(Excerpts from a dataset)
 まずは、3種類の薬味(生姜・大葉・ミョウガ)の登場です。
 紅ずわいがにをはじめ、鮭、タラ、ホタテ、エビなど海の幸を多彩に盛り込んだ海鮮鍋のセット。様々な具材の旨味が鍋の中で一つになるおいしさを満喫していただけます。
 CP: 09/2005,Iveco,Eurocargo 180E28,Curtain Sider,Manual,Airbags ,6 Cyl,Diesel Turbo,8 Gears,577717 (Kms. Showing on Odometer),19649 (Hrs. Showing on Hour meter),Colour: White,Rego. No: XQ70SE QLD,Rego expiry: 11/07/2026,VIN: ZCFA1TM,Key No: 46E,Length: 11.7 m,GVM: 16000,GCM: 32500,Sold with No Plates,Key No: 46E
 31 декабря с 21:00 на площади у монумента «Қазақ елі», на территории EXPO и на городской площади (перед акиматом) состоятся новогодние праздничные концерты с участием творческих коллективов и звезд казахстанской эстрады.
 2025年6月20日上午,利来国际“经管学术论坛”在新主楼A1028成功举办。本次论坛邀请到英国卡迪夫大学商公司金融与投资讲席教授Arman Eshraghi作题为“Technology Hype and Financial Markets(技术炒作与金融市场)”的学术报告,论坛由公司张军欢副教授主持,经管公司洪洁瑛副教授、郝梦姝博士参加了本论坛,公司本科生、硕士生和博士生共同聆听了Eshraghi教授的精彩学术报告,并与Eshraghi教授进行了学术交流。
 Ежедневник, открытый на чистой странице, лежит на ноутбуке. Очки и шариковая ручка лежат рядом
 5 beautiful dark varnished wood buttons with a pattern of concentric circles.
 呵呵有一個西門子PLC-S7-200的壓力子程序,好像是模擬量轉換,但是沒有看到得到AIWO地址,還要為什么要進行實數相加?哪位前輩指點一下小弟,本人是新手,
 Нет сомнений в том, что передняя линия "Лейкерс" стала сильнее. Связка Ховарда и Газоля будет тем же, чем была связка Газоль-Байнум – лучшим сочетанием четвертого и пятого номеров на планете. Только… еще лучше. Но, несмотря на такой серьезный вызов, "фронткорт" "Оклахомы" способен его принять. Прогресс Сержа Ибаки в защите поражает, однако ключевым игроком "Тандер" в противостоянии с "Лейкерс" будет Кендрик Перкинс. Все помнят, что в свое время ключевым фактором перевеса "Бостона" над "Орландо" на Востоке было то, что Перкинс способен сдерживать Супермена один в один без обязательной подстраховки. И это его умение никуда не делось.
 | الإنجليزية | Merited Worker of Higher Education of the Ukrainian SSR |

* * *

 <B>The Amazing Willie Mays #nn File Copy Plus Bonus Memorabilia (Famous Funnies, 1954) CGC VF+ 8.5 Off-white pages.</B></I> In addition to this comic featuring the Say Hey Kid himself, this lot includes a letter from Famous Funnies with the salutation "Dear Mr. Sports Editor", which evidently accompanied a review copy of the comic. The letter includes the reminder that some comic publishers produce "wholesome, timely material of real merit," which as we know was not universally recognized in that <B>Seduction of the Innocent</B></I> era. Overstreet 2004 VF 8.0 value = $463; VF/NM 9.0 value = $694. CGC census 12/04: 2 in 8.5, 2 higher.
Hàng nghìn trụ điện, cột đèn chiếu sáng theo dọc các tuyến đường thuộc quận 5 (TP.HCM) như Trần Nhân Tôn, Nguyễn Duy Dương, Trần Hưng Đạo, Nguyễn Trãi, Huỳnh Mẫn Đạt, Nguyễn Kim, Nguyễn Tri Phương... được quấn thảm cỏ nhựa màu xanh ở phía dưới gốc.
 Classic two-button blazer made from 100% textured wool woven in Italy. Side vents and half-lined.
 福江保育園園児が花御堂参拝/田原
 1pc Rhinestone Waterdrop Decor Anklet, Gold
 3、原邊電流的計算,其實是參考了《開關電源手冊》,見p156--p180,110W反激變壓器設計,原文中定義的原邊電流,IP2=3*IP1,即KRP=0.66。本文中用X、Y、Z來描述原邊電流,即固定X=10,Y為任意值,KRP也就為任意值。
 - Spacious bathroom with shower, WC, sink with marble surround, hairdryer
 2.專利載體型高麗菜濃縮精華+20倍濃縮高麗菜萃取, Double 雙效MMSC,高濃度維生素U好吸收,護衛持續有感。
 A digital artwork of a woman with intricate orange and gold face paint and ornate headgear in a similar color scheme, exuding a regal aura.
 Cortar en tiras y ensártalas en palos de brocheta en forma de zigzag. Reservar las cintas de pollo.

> [Exercise]:
As the answer, set down only the lines from the data above between the one holding "まずは、3種類の薬味(生姜・大葉・ミョウガ)の登場です。" and the one holding "呵呵有一個西門子PLC-S7", inclusive, exactly as they read.

> [Solution to the problem]:
 まずは、3種類の薬味(生姜・大葉・ミョウガ)の登場です。
 紅ずわいがにをはじめ、鮭、タラ、ホタテ、エビなど海の幸を多彩に盛り込んだ海鮮鍋のセット。様々な具材の旨味が鍋の中で一つになるおいしさを満喫していただけます。
 CP: 09/2005,Iveco,Eurocargo 180E28,Curtain Sider,Manual,Airbags ,6 Cyl,Diesel Turbo,8 Gears,577717 (Kms. Showing on Odometer),19649 (Hrs. Showing on Hour meter),Colour: White,Rego. No: XQ70SE QLD,Rego expiry: 11/07/2026,VIN: ZCFA1TM,Key No: 46E,Length: 11.7 m,GVM: 16000,GCM: 32500,Sold with No Plates,Key No: 46E
 31 декабря с 21:00 на площади у монумента «Қазақ елі», на территории EXPO и на городской площади (перед акиматом) состоятся новогодние праздничные концерты с участием творческих коллективов и звезд казахстанской эстрады.
 2025年6月20日上午,利来国际“经管学术论坛”在新主楼A1028成功举办。本次论坛邀请到英国卡迪夫大学商公司金融与投资讲席教授Arman Eshraghi作题为“Technology Hype and Financial Markets(技术炒作与金融市场)”的学术报告,论坛由公司张军欢副教授主持,经管公司洪洁瑛副教授、郝梦姝博士参加了本论坛,公司本科生、硕士生和博士生共同聆听了Eshraghi教授的精彩学术报告,并与Eshraghi教授进行了学术交流。
 Ежедневник, открытый на чистой странице, лежит на ноутбуке. Очки и шариковая ручка лежат рядом
 5 beautiful dark varnished wood buttons with a pattern of concentric circles.
 呵呵有一個西門子PLC-S7-200的壓力子程序,好像是模擬量轉換,但是沒有看到得到AIWO地址,還要為什么要進行實數相加?哪位前輩指點一下小弟,本人是新手,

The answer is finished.